What you have to do:
Write out word for word each line of the records, beginning at the first and stopping after the line with "Säljer en beige". Leave the pictures out.

Data shown:
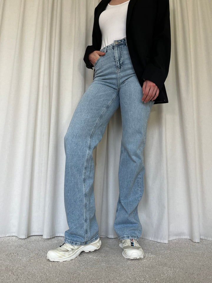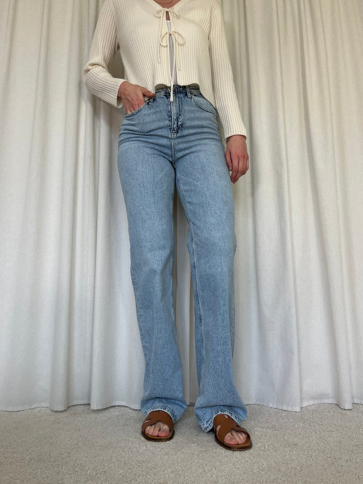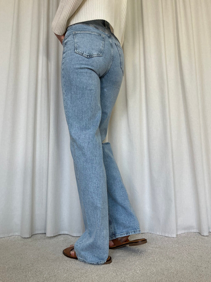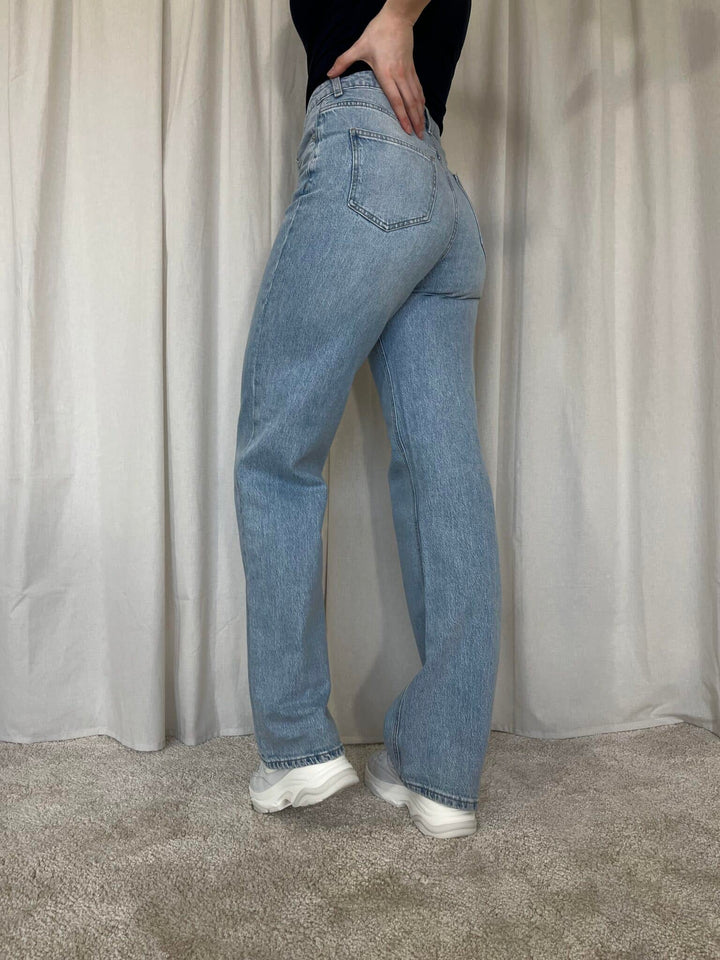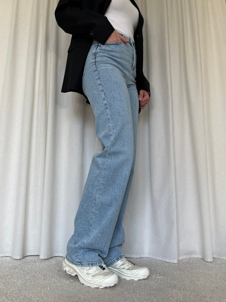 Straight jeans er lavet i en smuk lys blå denimfarve med høj talje og bæltestropper. De lukkes med lynlås og knap og har lommer både for og bag. Modellen er lavet i et straight/wide snit der gør, at de sidder til omkring bagdelen og løs pasform ved benene. Disse jeans er super cool at style til både stiletter samt sneakers og deres faste pasform gør, at de bliver siddende, hvor de skal.
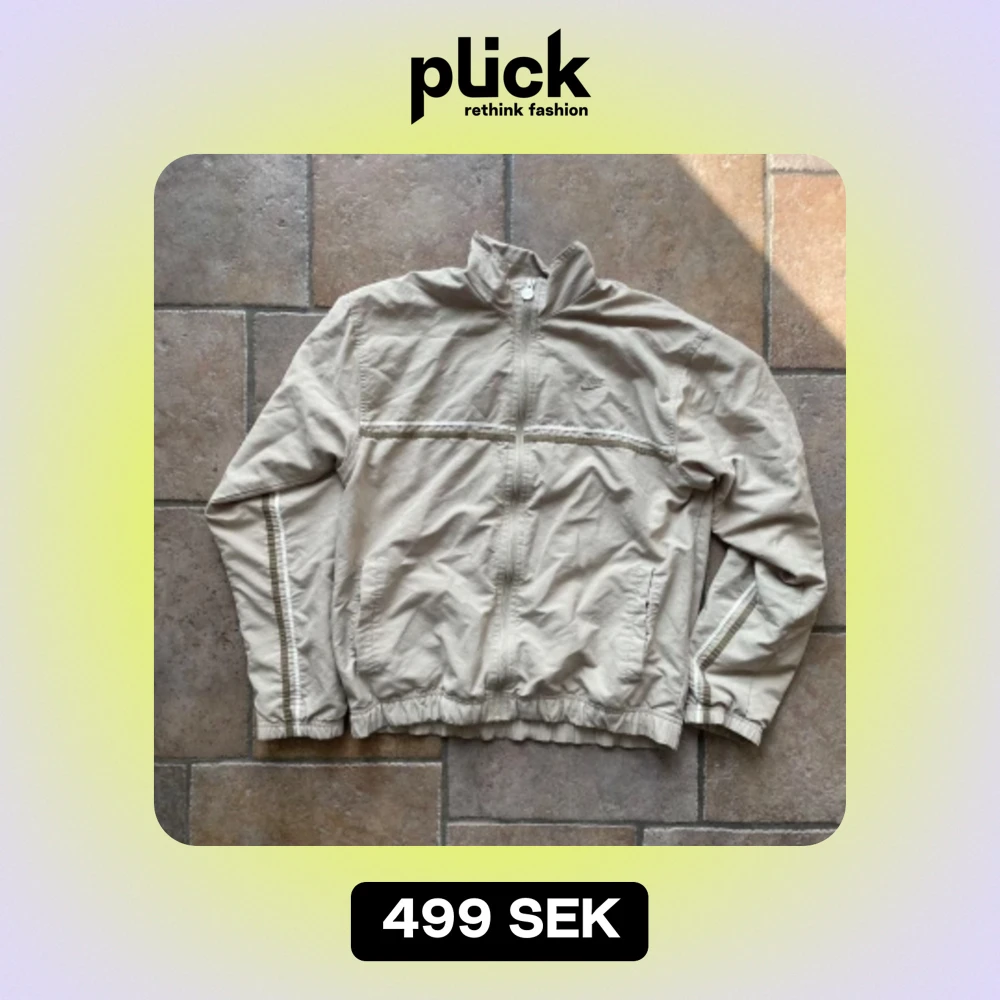 Säljer en beige vindjacka från Nike i storlek S. Jackan har en dragkedja framtill och är långärmad med elastiska muddar. Perfekt för vår och höst med sin lätta och bekväma passform. Nike-loggan är broderad på bröstet och dragkedjan har en snygg Nike-
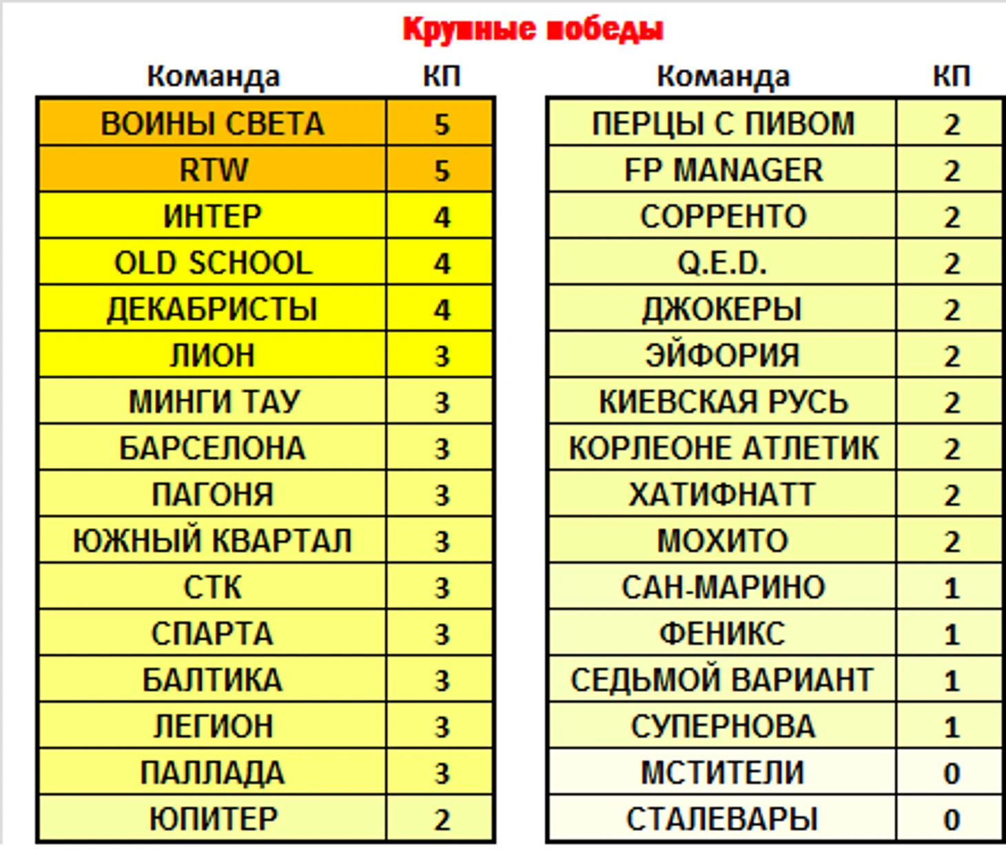 RTW одержали и больше всего крупных побед по ходу этапа, наряду с Воинами Света. У Минги Тау таковых в активе 3, у победителя группы В Юпитера лишь 2. Две команды, Мстители и Сталевары, соперников своих не громили, максимальная разница их выигрышей составляла 2 мяча.
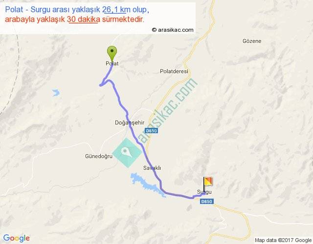 Polat - Surgu arası yaklaşık olarak 90 km/h ile yukarıda belirtilen sürede olup, iki yerin kuş uçuşu uzaklığı (mesafesi) 19'dir. Yolculuk otobüsle 39 dakika sürmektedir.
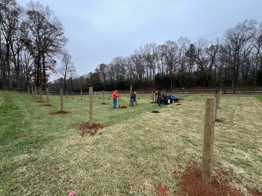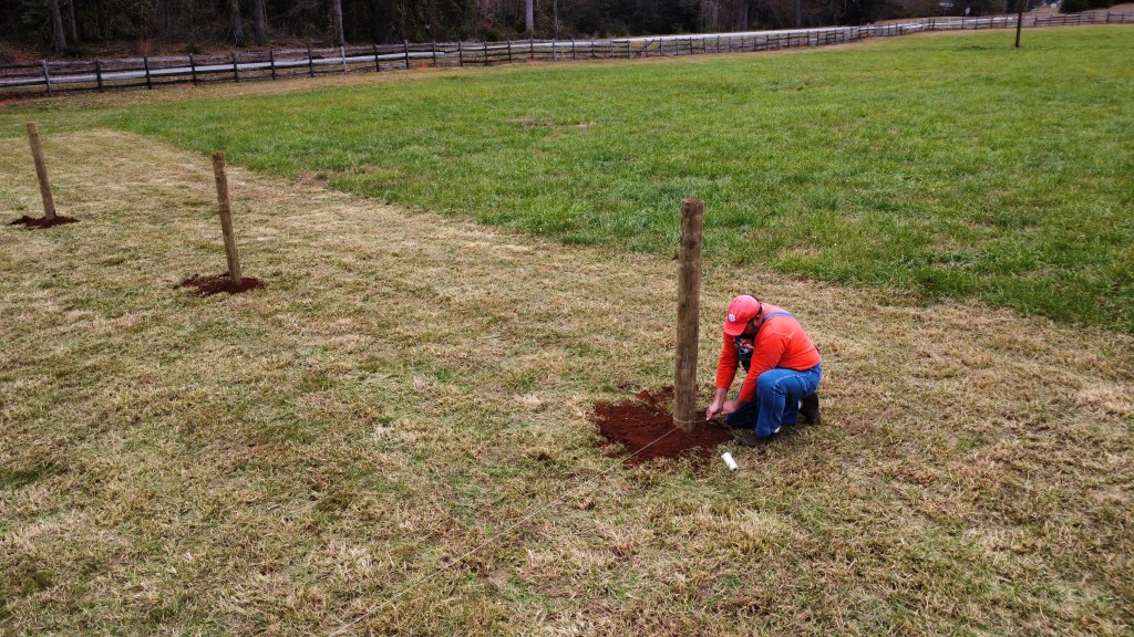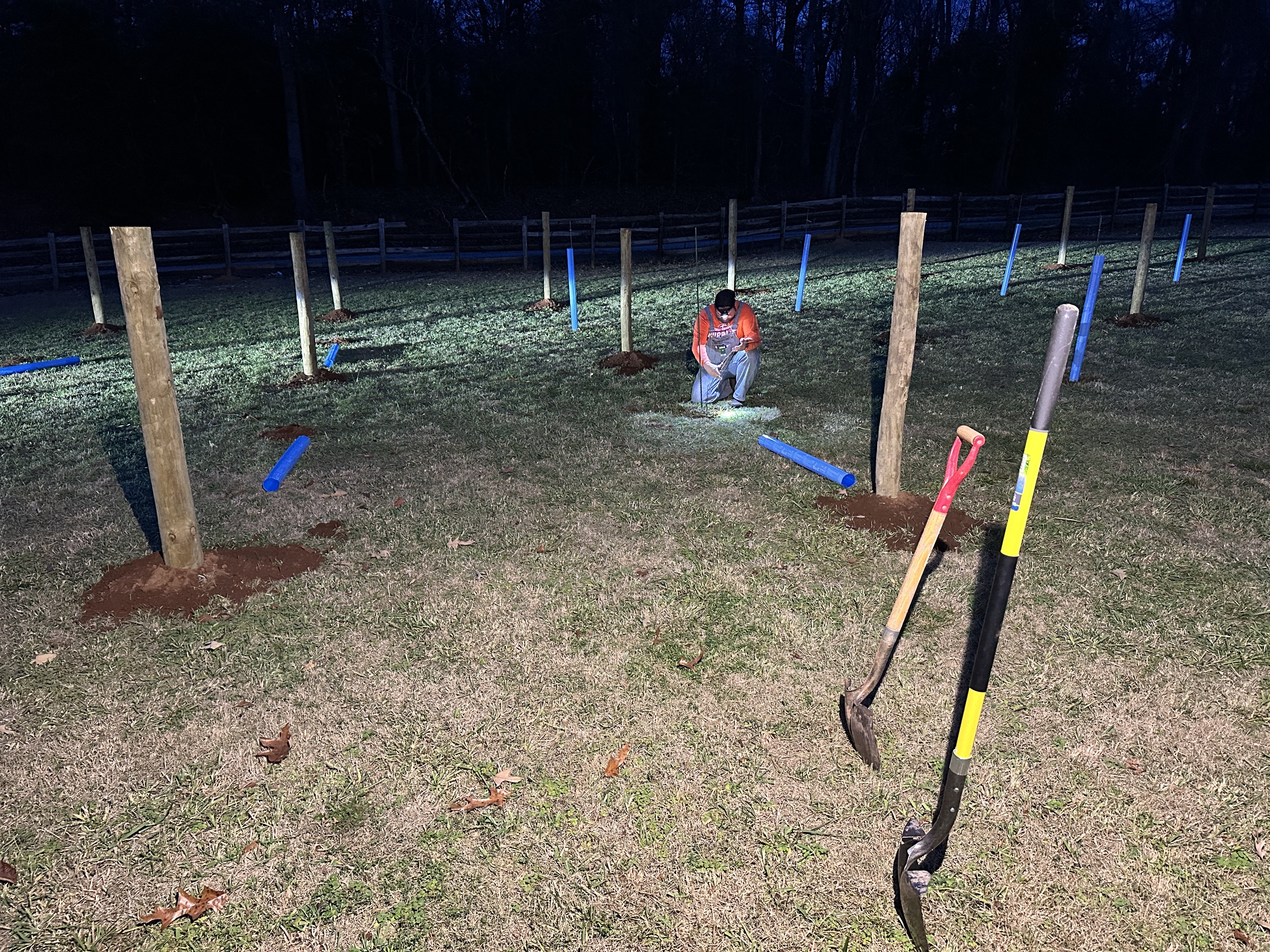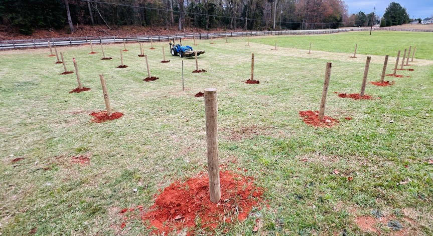 Just wrapped up a weekend of hard work installing 48 wood posts for the second phase of our new Muscadine vineyard! The vineyard will be 8,400 square feet and hold over 40 Muscadine vines, ranging in varieties. Check out the pictures below to see how the vineyard is coming along!

Final answer:
 Straight jeans er lavet i en smuk lys blå denimfarve med høj talje og bæltestropper. De lukkes med lynlås og knap og har lommer både for og bag. Modellen er lavet i et straight/wide snit der gør, at de sidder til omkring bagdelen og løs pasform ved benene. Disse jeans er super cool at style til både stiletter samt sneakers og deres faste pasform gør, at de bliver siddende, hvor de skal.
 Säljer en beige vindjacka från Nike i storlek S. Jackan har en dragkedja framtill och är långärmad med elastiska muddar. Perfekt för vår och höst med sin lätta och bekväma passform. Nike-loggan är broderad på bröstet och dragkedjan har en snygg Nike-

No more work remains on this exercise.